D: Ma perché nelle serie tv di oggi i protagonisti sono spesso ‘cattivi’?
R: “In realtà parliamo di antieroe, che non è per forza il ‘cattivo’. L’antieroe è un personaggio negativo, sì, ma con elementi empatici. Agisce male, ma non è un malvagio e lo spettatore ne riconosce gli elementi umani. Gli esempi più riusciti sono, ad esempio, Walter White e Tony Soprano“.

D: Perché funziona così bene?
R: “L’antieroe è un personaggio complesso che permette di elaborare trame molto dense. La densità narrativa è infatti una chiave della Grande serialità di oggi che permette di sviscerare tutte le sfaccettature dell’animo umano e ha persino messo in secondo piano l’uso del cliffhanger. Chiudere le puntate in un punto di ‘ancoraggio’ è uno stratagemma ancora utilizzato, ma non più come prima. Lo sviluppo psicologico di un personaggio crea nuovi elementi di interesse, come in Big little lies”.

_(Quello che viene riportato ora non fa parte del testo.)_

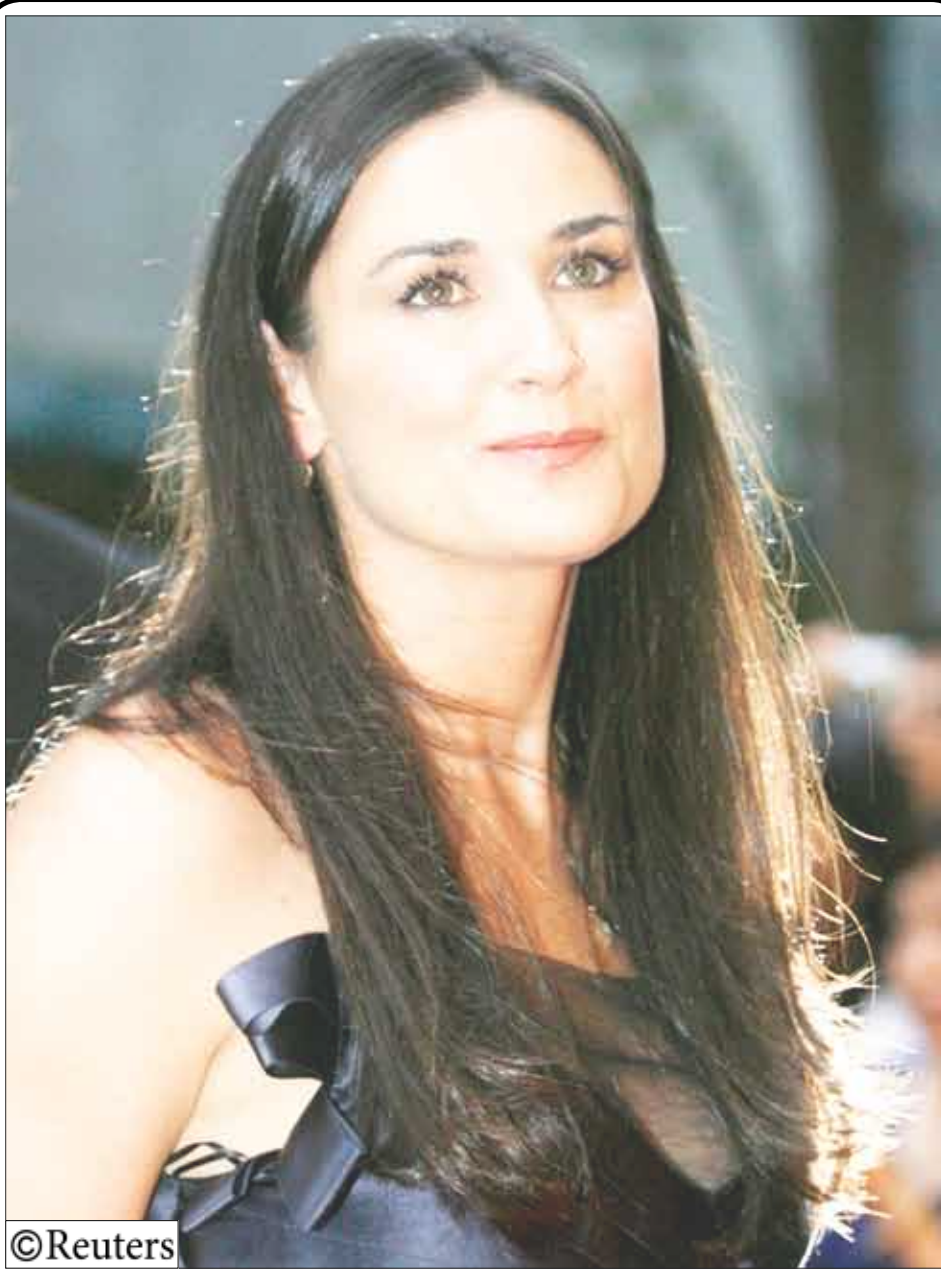
وصول الفنانة "ديما مور" مع زوجها "اشتون كاتشر" لإعلان فيلمها "ماذا يحدث في فيغاس" في طوكيو أمس .

□ الصالح /مثنى الحضوري : شدد الأخ/ الحسون صالح مصبح وكيل محافظة الصالح على القائمين على المراكز الصيفية في المحافظة ضرورة العناية بالشباب والعمل على تكثيف المحاضرات واعدادهم إعداداً جيداً لما يعكس النفع لهم والفائدة من خلال إيجاد المناخات الملائمة لممارسة كافة الأنشطة والفعاليات وكذا توفير الإمكانيات والوسائل المناسبة لتحقيق النجاح للمخيمات الشبابية لتحسينهم من الأفكار الهدامة التي لا تبنى المجتمعات . وكان الأخ وكيل المحافظة قد قام بزيارة تفقدية للمراكز الصيفية رافقه خلالها الأخ/ منصور حمود مدير مكتب الشباب والرياضة في المحافظة وإطلاعاً على مستوى أداؤها والصعوبات التي يواجهونها واحتياجاتها.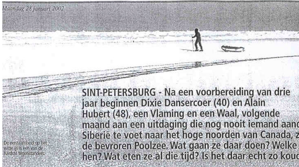
De eenzaamheid op het witte ijs is een van de hardste tegenstanders.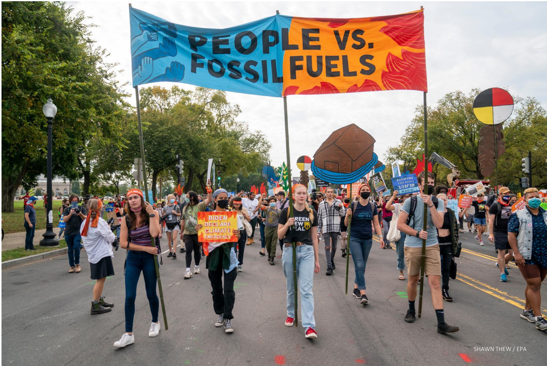
SHAWN THEW / EPA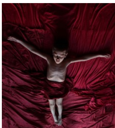
Ελένη Λύρα, φωτογραφία 1,60 X 1,75μ. 2011

Σημείο αναφοράς στο έργο της Ελένης Λύρα αποτελεί η σκηνοθετημένη και ψηφιακά επεξεργασμένη φωτογραφία διαμέσου της οποίας δημιουργεί ανθρωποκεντρικά εικονικά περιβάλλοντα που πραγματεύονται τόσο το ζήτημα της εικόνας όσο και του χώρου. Η καλλιτέχνης επιχειρεί να εκφράσει μια μεταφυσική αισθητική, η οποία δανείζεται στοιχεία άλλοτε από την ανατολική αισθητική και τη βυζαντινή τέχνη, και άλλοτε από την αναγεννησιακή και μπαρόκ εικονογραφία, χρησιμοποιώντας τα νέα ψηφιακά μέσα και τη φωτογραφία για να δημιουργήσει μια σειρά από ψηφιακά φρέσκο. Αυτού του είδους η τέχνη θα μπορούσε να χαρακτηριστεί ως μια ψηφιακή τοιχογραφία όπου τις ψηφίδες αντικαθιστούν τα pixels της virtual εικονογραφίας εφόσον προσεγγίζει παραδοσιακές φόρμες και αρχέτυπα διαμέσου μιας απολύτως σύγχρονης μεθοδολογίας.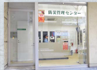
警備員が24時間常駐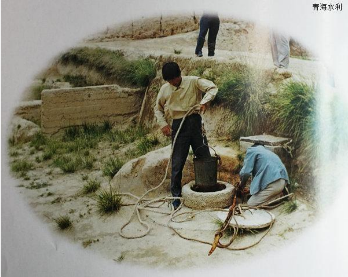
还记得雨水集流窖吧，也是没办法的办法。那时人饮安全还得不到有效保障。

D: Gomorra, Suburra, Narcos, per fare alcuni nomi. Il Male come motore narrativo rischia di proporre modelli negativi al pubblico, fornire giustificazioni a un agire sbagliato, sopprimere la speranza di miglioramento?
R: “In realtà queste serie non propongono modelli di comportamento, ma descrivono un mondo disperato. Credo che il pubblico sia in grado di capire la differenza. Gomorra ad esempio non enfatizza, ma racconta la disperazione del Male, denunciandola. Se questo non fosse ammissibile nessun film potrebbe raccontare quanto c’è di negativo nella vita che a volte è senza soluzione di continuità. Non sempre c’è il lieto fine. Altrimenti non lamentiamoci che la tv ci proponga le soap opera. Non è corretto attribuire alla serie tv una responsabilità diseducativa, se mancano modelli positivi reali nel contesto in cui si vive. La comunicazione istituzionale però, come la promozione sui social network, va fatta in modo corretto”.

D: Il successo di questo fenomeno indica che la vecchia tv è destinata a scomparire?
R: “Sono anni che viene recitato il requiem della televisione generalista, ma quest’ultima ha dimostrato di essere il medium più plastico e capace di assorbire le innovazioni. La Grande serialità in streaming costruisce un suo pubblico di 30-40enni, ma fenomeni come Checco Zalone riescono ancora a fare 6 milioni di telespettatori su Canale 5”.
“Long Tv. Le serie televisive viste da vicino” – Unicopli, 134 pagine, 12€.